10. AREE MILITARI DISMESSE. Circa un milione di metri quadri (attualmente a destinazione area militare) sono l’oggetto del
Protocollo d’Intesa firmato nel maggio 2009 tra il Comune di Milano ed il Ministero della Difesa. Quale sarà l’indirizzo politico di
sviluppo di tali aree nel caso sia eletto sindaco, anche in relazione al disegno di legge 1373 che prevede la costituzione della società
di diritto privato “Difesa Servizi s.p.a.” incaricata della compravendita delle aree militari?
MICHELE SACERDOTI RISPONDE (09/10/2010): Vedi punto 9.
VALERIO ONIDA RISPONDE (13/10/2010): Ecco un esempio di ciò che si diceva al punto 9. La mania delle s.p.a. dilaga nel
nostro paese. Fra poco avremo l’esercito o la polizia s.p.a. ! A parte gli scherzi, un conto è valorizzare e usare bene i beni di
proprietà pubblica (giusto), un altro vendere o svendere un patrimonio che potrebbe essere destinato a usi di interesse generale
(salvo naturalmente casi particolari, in cui si potrebbe vendere destinando il ricavato a riduzione del debito pubblico).
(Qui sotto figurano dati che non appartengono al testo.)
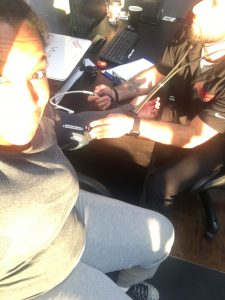 He put all the little pads on my fingers and toes and then in 1 second pressed a button that allowed an electromagnetic current to get my body composition. The whole thing was really cool. I also did a grip strength test where I learned that I have no strength in my left hand – lol.

GIULIANO PISAPIA RISPONDE (18/10/2010): vedi punto 9.
STEFANO BOERI RISPONDE (21/10/2010): Ho già risposto nel punto 9 sulla possibile destinazione delle aree ex-militari. Su
“Difesa Spa”, penso sia un modo sbagliato e rischioso di gestire il destino di beni che, in capo allo Stato o ai Comuni, rimangono
comunque pubblici (quindi di tutti noi). Già in troppe occasioni abbiamo visto come questa impostazione, invece di portare
maggiore efficienza e minori costi per la collettività, ha aumentato solo la discrezionalità e l'opacità delle scelte, come pure i rischi di
lottizzazione politica. Da Sindaco mi impegnerò per aumentare la trasparenza degli atti e delle decisioni, anche di quelle che
necessitano di intese con altri enti.